Solve the system

$$

\begin{align}

10^{-10}x_1 + x_2 &= 1 \\

x_1 + x_2 &= 2,

\end{align}

$$

using strict Gaussian elimination with and without pivoting. Comment on possible sources of error.

# A linear system

x1 = 1 and x2 = 1 with slight error

Through Gaussian elimination x2 equals (2-(10^10))/(1-(10^10)) which is super close to 1, and x1 = 2 - x1. So x1 is roughly 1 as well.

The system can be rewritten in the form $Ax = b$ such that matrix $A$ is the coefficients of $x_1$ and $x_2$, $x$ is $x_1$ and $x_2$ and b is comprised of the solutions, $1$ and $2$. Thus, it would look like this:

$$ A =

\left(

\begin{matrix}

10^{−10} & 1 \\

1 & 1

\end{matrix}

\right)

+

\left(

\begin{matrix}

x_1 \\

x_2\\

\end{matrix}

\right)

=

\left(

\begin{matrix}

1 \\

2\\

\end{matrix}

\right).

$$

This can be rewritten in augmented form with the terms flipped so that it is in upper triangular form (note $10^-10$ is close to zero--this is a possible source of error).

$$\left(

\begin{matrix}

1 & 1 & | & 2 \\

10^{-10} & 1 & | & 1\\

\end{matrix}

\right).

$$

Therefore:

$$ x_1 + x_2 = 2

and

x_2 = 1$$

So, we can easily see, $$ x_1 = 2

and

x_2 = 1$$

Though, I think the claim that $10^{-10}$ is close to $zero$ may be too strong, so this answer may be incorrect.

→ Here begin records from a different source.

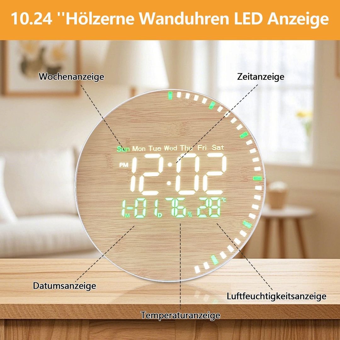 🔹 Ura združuje naraven videz lesa z modno LED tehnologijo za prikaz informacij.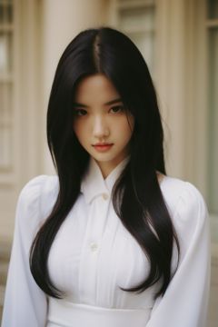 1girl,black_hair,Balenciaga model,looking at viewer,pale skin,blurry_background,realistic,solo,upper_body,,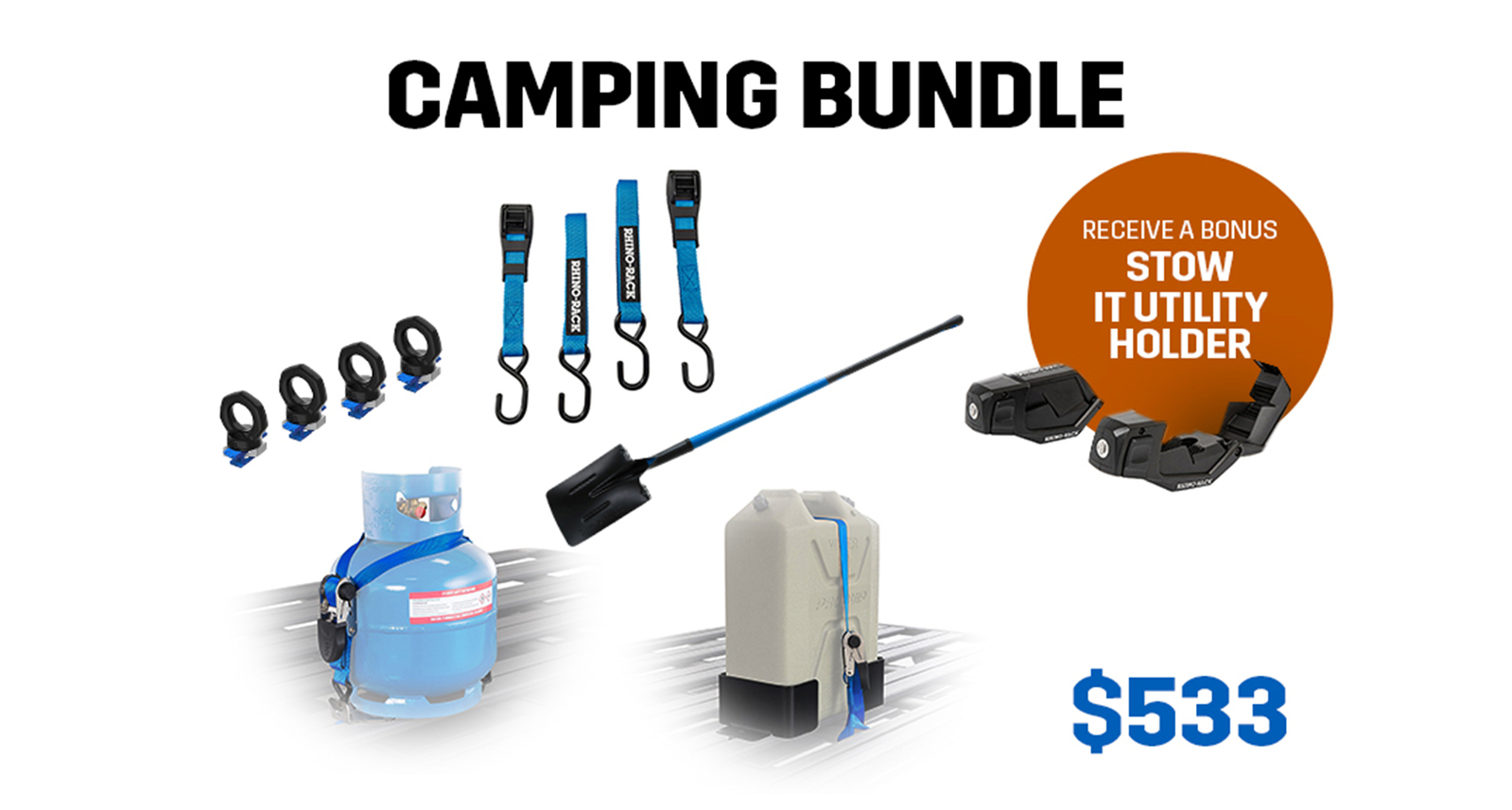 The Camping Bundle is your ultimate companion for outdoor adventures. This bundle includes our Gas Bottle Holder, Single Jerry Can Holder, Eye Bolts with Zwifloc (x4), Tie Down Straps (x2) and our Rhino-Rack Shovel. Plus receive a bonus STOW iT Utility Holder (regular) valued at $135 to ensure you're fully equipped for packing all camping essentials for your next adventure. This easily integrated set up means you can spend more time relaxing and less time setting up and packing down.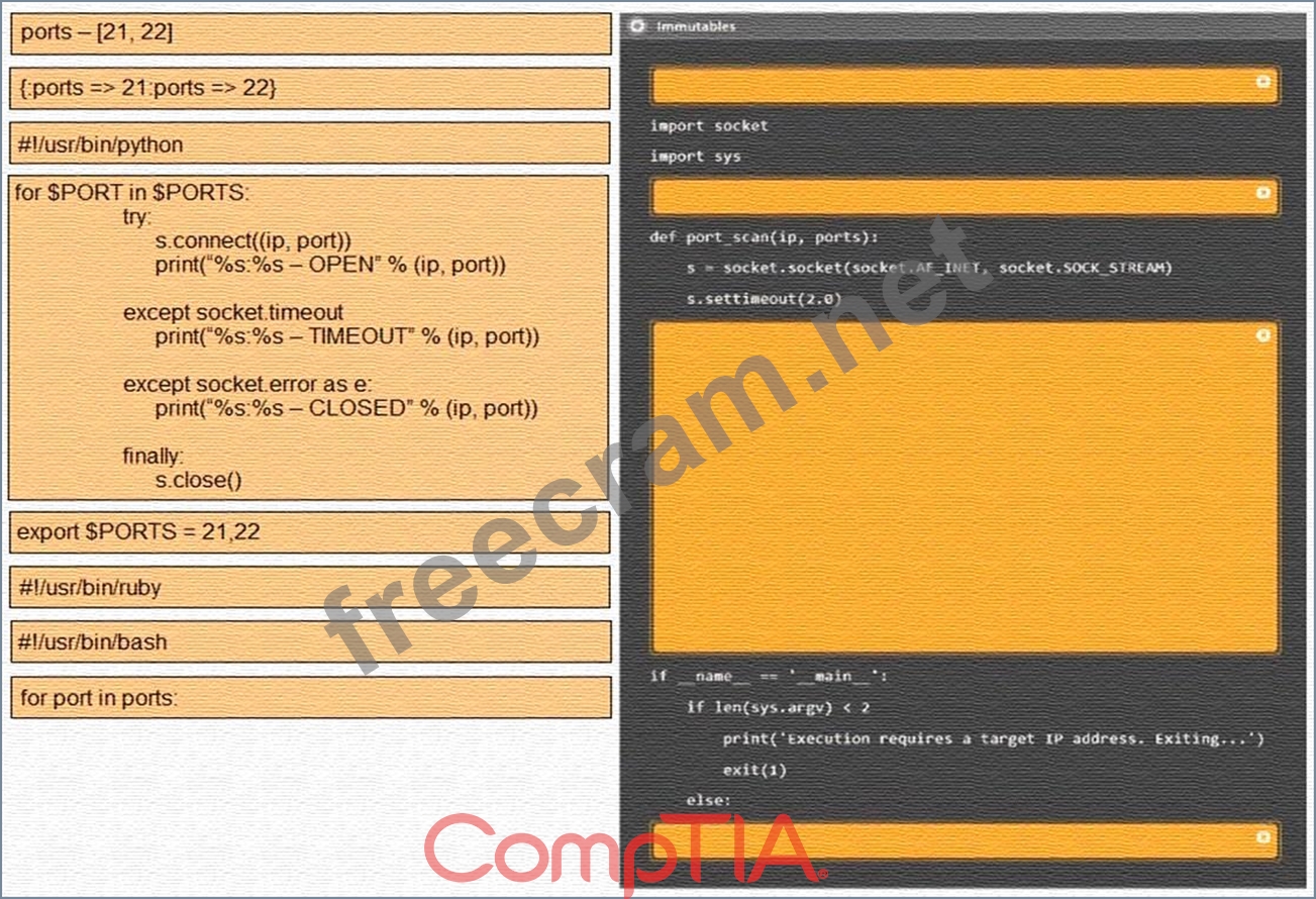 Question 154: A penetration tester ran a simple Python-based scanner. The ...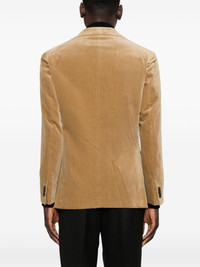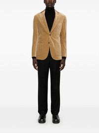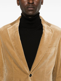 Soffio single-breasted blazer Highlights - Camel brown - Cotton blend - Velvet - Dart detailing - Notched lapels - Front button fastening - Chest welt pocket - Two side patch pockets - English rear vents - Straight hem - Logo-jacquard lining Made in Italy Composition Outer: Cotton 72%, Modal 28% Lining: Cupro 100%, Cotton 100% SIZE & FIT Model measurements Height 6 ft 2 in(1.87 m) Bust/Chest 36.41 in(92.5 cm) Hips 37 in(94 cm) Waist 29.52 in(75 cm) FittingInformation Designed for a slim fit, offering a comfortable fit that sits just away from the body The vented hem offers movement at the rear Made from a midweight non-stretch fabric This piece fits true to size – take your usual size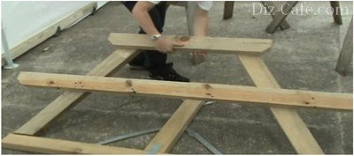 Стіл перевертається і укладається стільницею на рівну основу для того, щоб закріпити цвяхами до його поперечині і боковинки підсилювачів з фігурними вирізами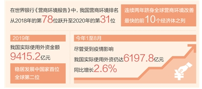 “十三五”期間,我國(guó)持續(xù)深化體制機(jī)制改革,全方位擴(kuò)大對(duì)外開放,降低準(zhǔn)入門檻,提升服務(wù)質(zhì)量。在世界銀行《營(yíng)商環(huán)境報(bào)告》中,我國(guó)營(yíng)商環(huán)境排名從2018年的第78位躍升至2020年的第31位,連續(xù)兩年躋身全球營(yíng)商環(huán)境改善最快的前10個(gè)經(jīng)濟(jì)體之列。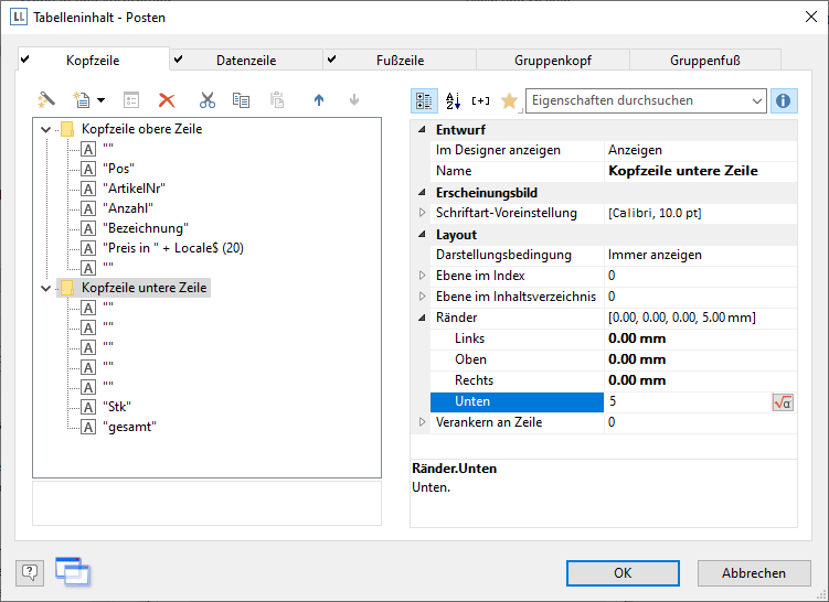 Damit steht Ihnen die Eigenschaft "Ränder" zur Verfügung. Wählen Sie als "Rand unten" z. B. 5mm um den Abstand unterhalb der Spaltenüberschrift zu bestimmen.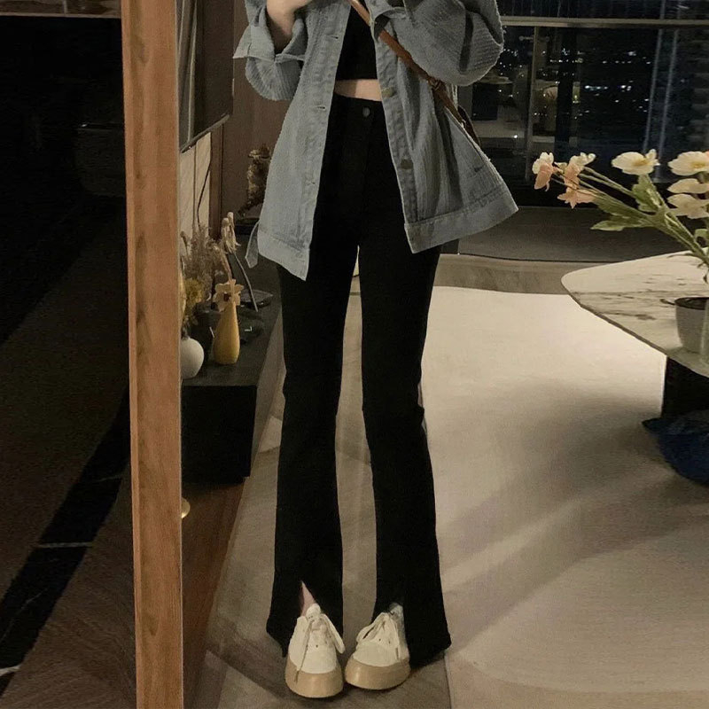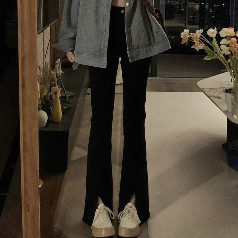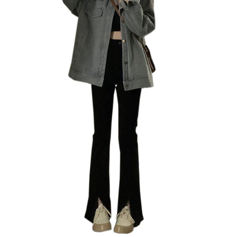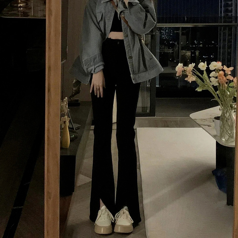 拖地高腰直筒马蹄长裤 修身 子 女早春新款 黑色弹力微喇叭开叉牛仔裤

Strict Gaussian Elimination without swapping rows

$$\begin{bmatrix}

10^{-10} & 1 & 1 \\

1 & 1 & 2 \\

\end{bmatrix}$$

Row reduce to upper triangular

$$\begin{bmatrix}

10^{-10} & 1 & 1 \\

0 & 1-10^{-10} & 2-10^{-10} \\

\end{bmatrix}$$

Back substitution

$$x2 = 2-10^{-10}/1-10^{-10}$$

and

$$x1 = -1/10^{-10}$$

with $$10^{-10}$$ being so close to zero this creates a nasty results

With swapping rows

$$\begin{bmatrix}

1 & 1 & 2 \\

10^{-10} & 1 & 1 \\

\end{bmatrix}$$

Row reduce to upper triangular

$$\begin{bmatrix}

1 & 1 & 2 \\

0 & 1-10^{-10} & 1-2(10^{-10}) \\

\end{bmatrix}$$

Back substitution

$$x2 = 1-2(10^{-10})/1-10^{-10}$$

and

$$x1 = 1$$

@amccann1 is closest, but having a little trouble with the the typesetting, I think.

Here's the key issue: You've got to solve the system *exactly*. Using straight Gaussian elimination without changing the order of the rows, I get:

$$\begin{align}

x_1 &= 10^{10}\left(1-\frac{2-10^{10}}{1-10^{10}}\right) \\

x_2 &= \frac{2-10^{10}}{1-10^{10}}

\end{align}.$$

Using Gaussian elimination *after* a change in the order of the rows I get

$$\begin{align}

x_1 &= 2-\frac{2-10^{10}}{1-10^{10}} \\

x_2 &= \frac{2-10^{10}}{1-10^{10}}

\end{align}.$$

You should be able to verify both these computations. Also, note that the expressions are algebraically equivalent. One of them yields a better numerical approximation when evaluated on a computer, however. The questions are which and why?

I don't mean to sound like a genius, but the second one is better. However, the reason for this is too big to fit in a comment box.

Im confused. I ended up getting x1=10^10/(10^10-1) and x2=(10^10-2)/(10^10-1) without changing the order of the rows and wolframalpha even agrees with my solution.